AIM OF THE EXERCISE: Go through the lines below and repeat each one exactly, skipping pictures.

═════ STORED DATA

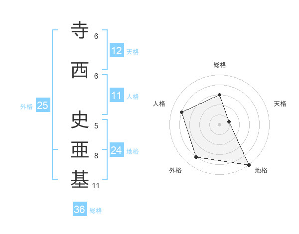 寺西 史亜基さんの天格は12画の1点!
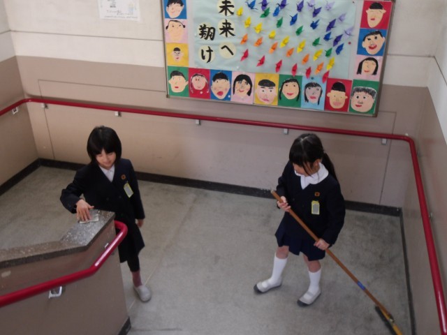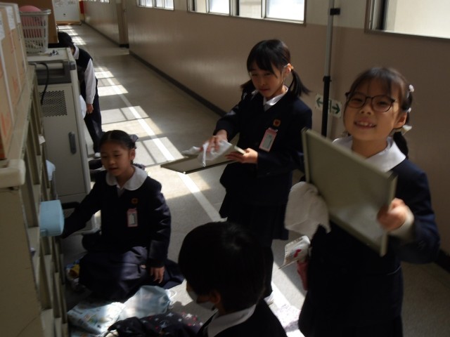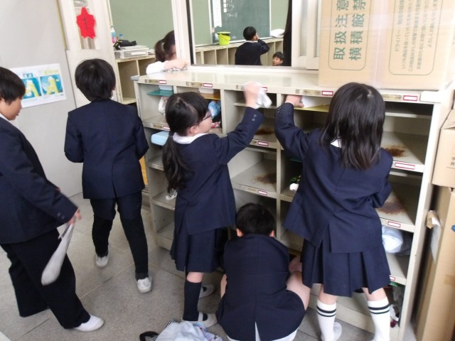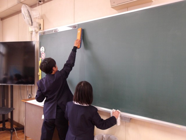 4月から気持ちよく教室を使ってもらうため、感謝の気持ちを込めて教室や校内をきれいにしていきます。
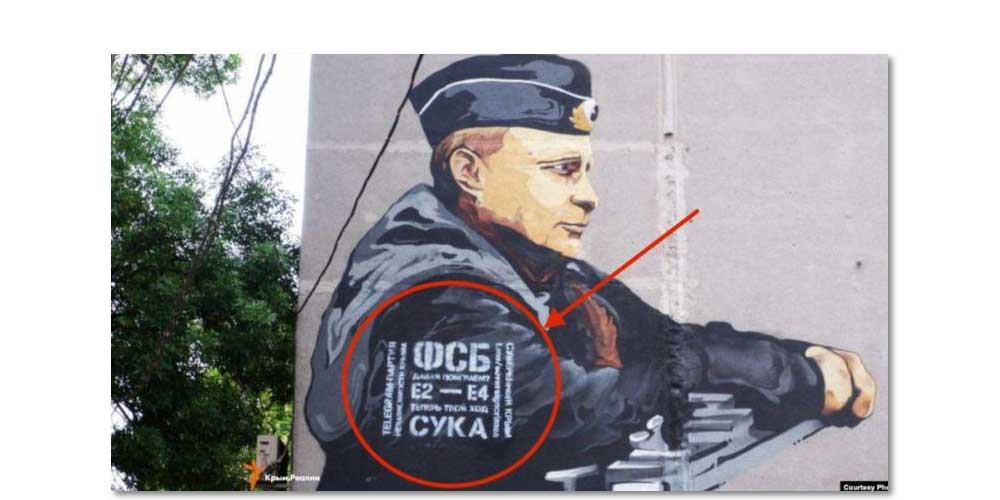 Возражаю насчёт «на ушах». Эта надпись – дело рук именно ФСБ. Причём ослиные уши ФСБ торчат уже из высокого качества исполнения этой надписи – подумайте сами! Это работает принцип ещё царской охранки: не можешь уничтожить – возглавь. Так выявляют (или намерены выявлять) носителей проукраинских настроений среди населения Крыма — Ремарки «Слова»

══════════

WRITTEN RESPONSE:
 寺西 史亜基さんの天格は12画の1点!
 4月から気持ちよく教室を使ってもらうため、感謝の気持ちを込めて教室や校内をきれいにしていきます。
 Возражаю насчёт «на ушах». Эта надпись – дело рук именно ФСБ. Причём ослиные уши ФСБ торчат уже из высокого качества исполнения этой надписи – подумайте сами! Это работает принцип ещё царской охранки: не можешь уничтожить – возглавь. Так выявляют (или намерены выявлять) носителей проукраинских настроений среди населения Крыма — Ремарки «Слова»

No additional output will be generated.